Tazilkree Data DeDuplication for — Documents Eliminating extra copies of data saves money not only on direct disk hardware costs, but also on related costs, like electricity, cooling, maintenance, floor space, etc. We are nonprofit website to share and download documents. For example, if deduplication technology is included in a backup appliance or storage solution, the implementation process will be much different than for standalone deduplication software. Can You Afford Not To? For general information on our other products and services, please contact our Business Development Department in the U.
|Published (Last):||7 March 2011|
|PDF File Size:||19.22 Mb|
|ePub File Size:||8.14 Mb|
|Price:||Free* [*Free Regsitration Required]|
By Doug Lowe Beginning with Windows Server , Microsoft has included an innovative technology called data deduplication, which can dramatically reduce the amount of actual disk space required to store your data.
Depending on the type of data, you can expect to save anywhere from 20 percent to more than 80 percent. At 20 percent savings, 10TB of data consumes only 8TB of disk storage. At 80 percent savings, 10TB consumes just 2TB. Data deduplication works by finding portions of files that are identical and storing just a single copy of the duplicated data on the disk. The technology required to find and isolate duplicated portions of files on a large disk is pretty complicated.
Microsoft uses an algorithm called chunking, which scans data on the disk and breaks it into chunks whose average size is 64KB. These chunks are stored on disk in a hidden folder called the chunk store. Then, the actual files on the disk contain pointers to individual chunks in the chunk store. If two or more files contain identical chunks, only a single copy of the chunk is placed in the chunk store and the files that share the chunk all point to the same chunk.
Microsoft has tuned the chunking algorithm sufficiently that in most cases, users will have no idea that their data has been deduplicated. Access to the data is as fast as if the data were not deduplicated. For performance reasons, data is not automatically deduplicated as it is written. Instead, regularly scheduled deduplication jobs scan the disk, applying the chunking algorithm to find chunks that can be deduplicated.

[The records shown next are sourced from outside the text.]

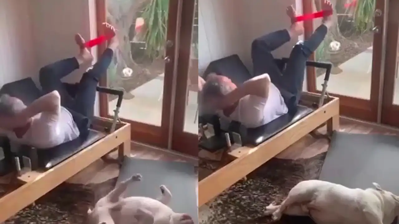 Пес решает поддержать хозяина во время занятий спортом и начинает повторять за ним все движения. Сначала все идет весело: они вместе делают упражнения и радуются активности. Однако вскоре пес теряет интерес к занятиям и просто валяется на полу, показывая всем своим видом: «Зачем так напрягаться?»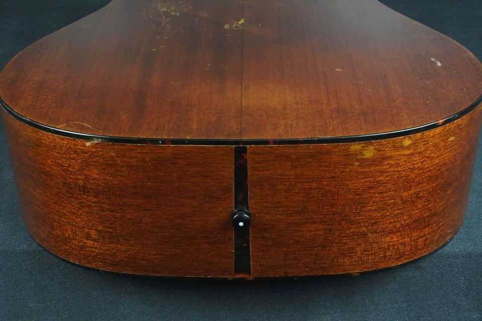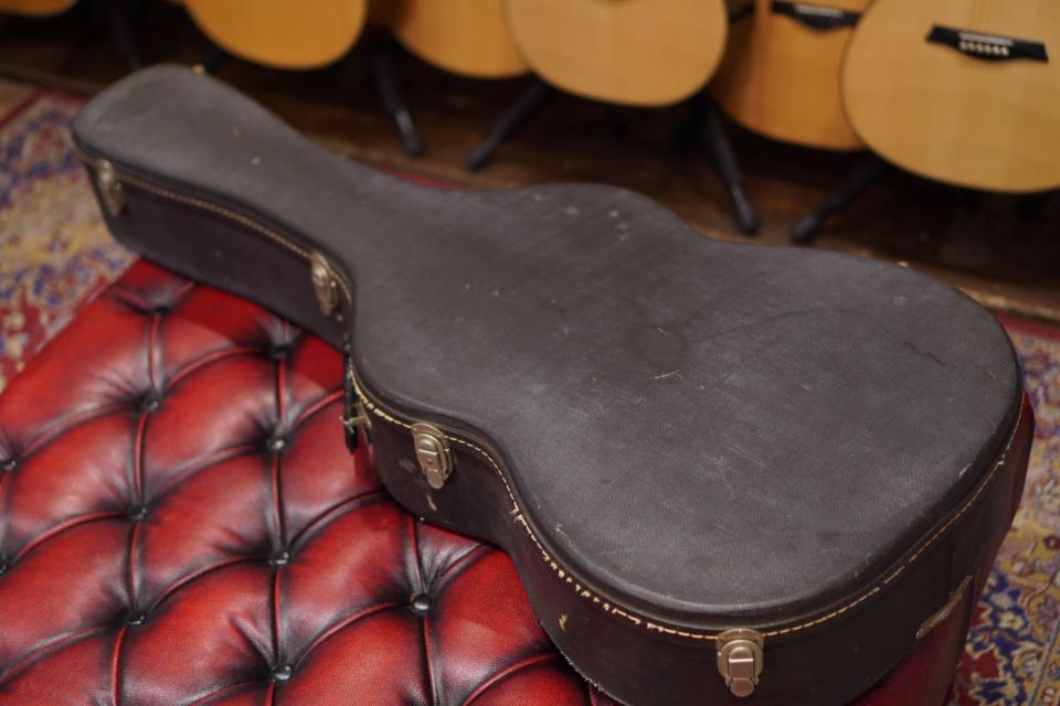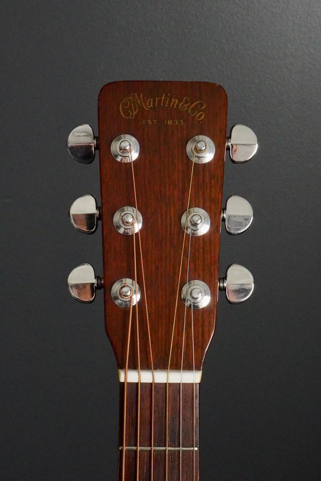 60年代らしい丸みを帯びたヘッド形状、赤黒いブラジリアンのヘッドプレートに色焼けたMARTINのゴールドロゴ、ペグもパテント刻印の入ったオリジナルのグローバーチューナーで、いかにも60年代らしいスタイルです。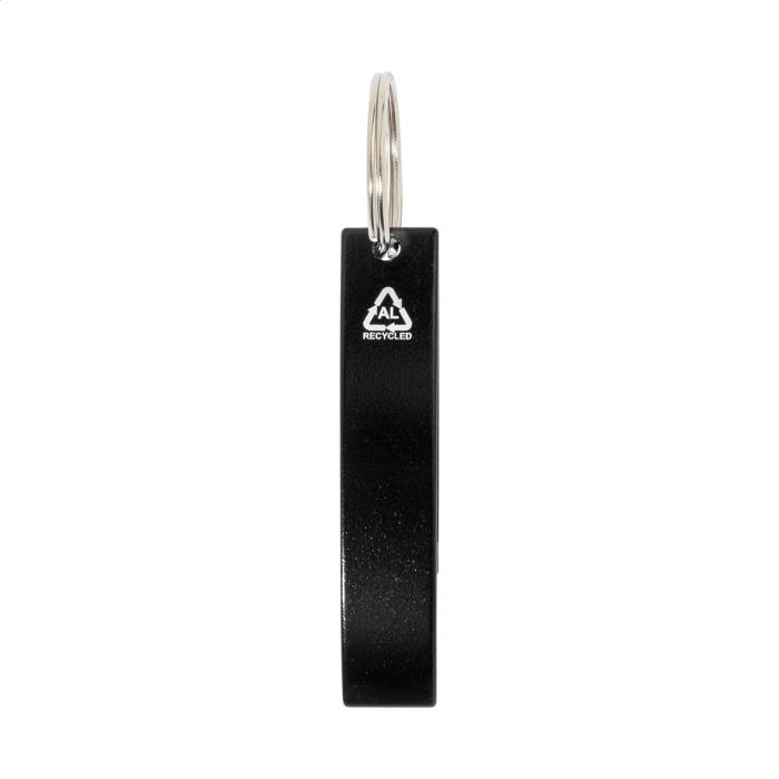 Újrahasznosított alumínium üvegnyitó fém kulcskarikával.

To use data deduplication, you must first enable the data deduplication feature in Server Manager. To configure data deduplication, open Server Manager, choose File and Storage Services, click Volumes, right-click the volume that you want to deduplicate, and then choose Configure Data Deduplication. The Deduplication Settings page appears. From this page, you can enable data deduplication, exclude certain file types, and set a schedule for the deduplication jobs to run.
Once deduplication is set up, give the deduplication job time to run.

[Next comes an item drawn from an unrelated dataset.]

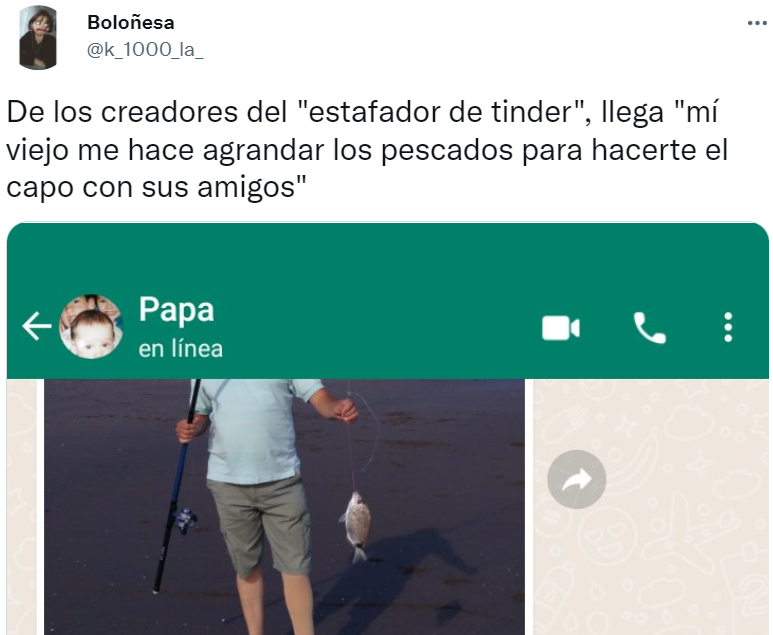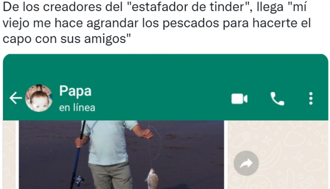 “De los creadores del "estafador de tinder", llega "mí viejo me hace agrandar los pescados para hacerte el capo con sus amigos"”, escribía en Twitter.

Install and enable Data Deduplication
Data Deduplication in Windows Server
Benefits[ edit ] Storage-based data deduplication reduces the amount of storage needed for a given set of files. It is most effective in applications where many copies of very similar or even identical data are stored on a single disk—a surprisingly common scenario. In the case of data backups, which routinely are performed to protect against data loss, most data in a given backup remain unchanged from the previous backup. Neither approach captures all redundancies, however. Hard-linking does not help with large files that have only changed in small ways, such as an email database; differences only find redundancies in adjacent versions of a single file consider a section that was deleted and later added in again, or a logo image included in many documents. In-line network data deduplication is used to reduce the number of bytes that must be transferred between endpoints, which can reduce the amount of bandwidth required. See WAN optimization for more information.
In-line deduplication for a smaller data footprint
Dedupe and compression are must-haves for primary storage too. Deduplication is a compression technique that minimizes data by identifying repetitive patterns, removing the duplicates and leaving a pointer to the stored copy in their place. This pointer is created from a hash of the data pattern of a given size. Not all dedupe is created equal. IT professionals should weigh their options before adding it to their primary storage environment. When to dedupe Dedupe data when it is first created.